### Material provided
━━━━━━

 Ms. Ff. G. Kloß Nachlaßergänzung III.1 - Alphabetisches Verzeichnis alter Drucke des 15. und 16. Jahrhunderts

━━━━━━

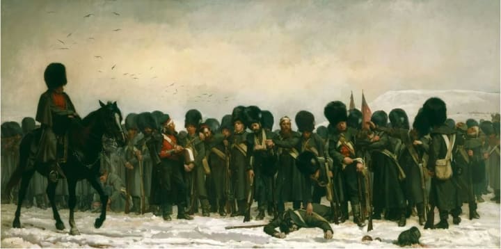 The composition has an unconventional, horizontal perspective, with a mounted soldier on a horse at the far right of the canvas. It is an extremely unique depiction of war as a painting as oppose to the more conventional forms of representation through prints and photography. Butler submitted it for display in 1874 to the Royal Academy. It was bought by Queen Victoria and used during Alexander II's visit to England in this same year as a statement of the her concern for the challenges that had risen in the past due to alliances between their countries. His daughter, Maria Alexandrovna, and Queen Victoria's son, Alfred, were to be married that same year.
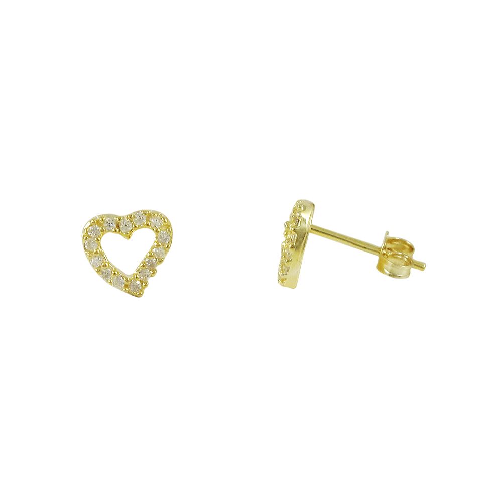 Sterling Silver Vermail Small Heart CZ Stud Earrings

━━━━━━

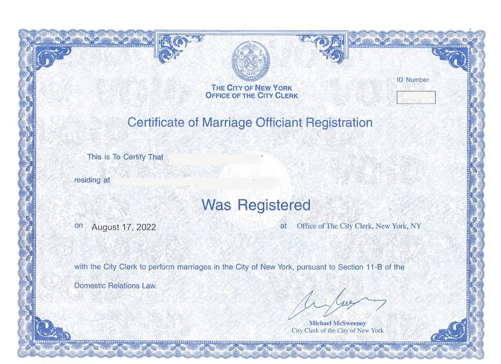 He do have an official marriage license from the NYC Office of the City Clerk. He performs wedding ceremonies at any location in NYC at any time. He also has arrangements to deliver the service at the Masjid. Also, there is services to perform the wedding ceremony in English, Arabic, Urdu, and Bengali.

━━━━━━

### About this exercise
Print nothing except the lines above from the one containing "The composition has" down to the one containing "Sterling Silver Vermail", both included, exactly as written and free of pictures.

### Task response
 The composition has an unconventional, horizontal perspective, with a mounted soldier on a horse at the far right of the canvas. It is an extremely unique depiction of war as a painting as oppose to the more conventional forms of representation through prints and photography. Butler submitted it for display in 1874 to the Royal Academy. It was bought by Queen Victoria and used during Alexander II's visit to England in this same year as a statement of the her concern for the challenges that had risen in the past due to alliances between their countries. His daughter, Maria Alexandrovna, and Queen Victoria's son, Alfred, were to be married that same year.
 Sterling Silver Vermail Small Heart CZ Stud Earrings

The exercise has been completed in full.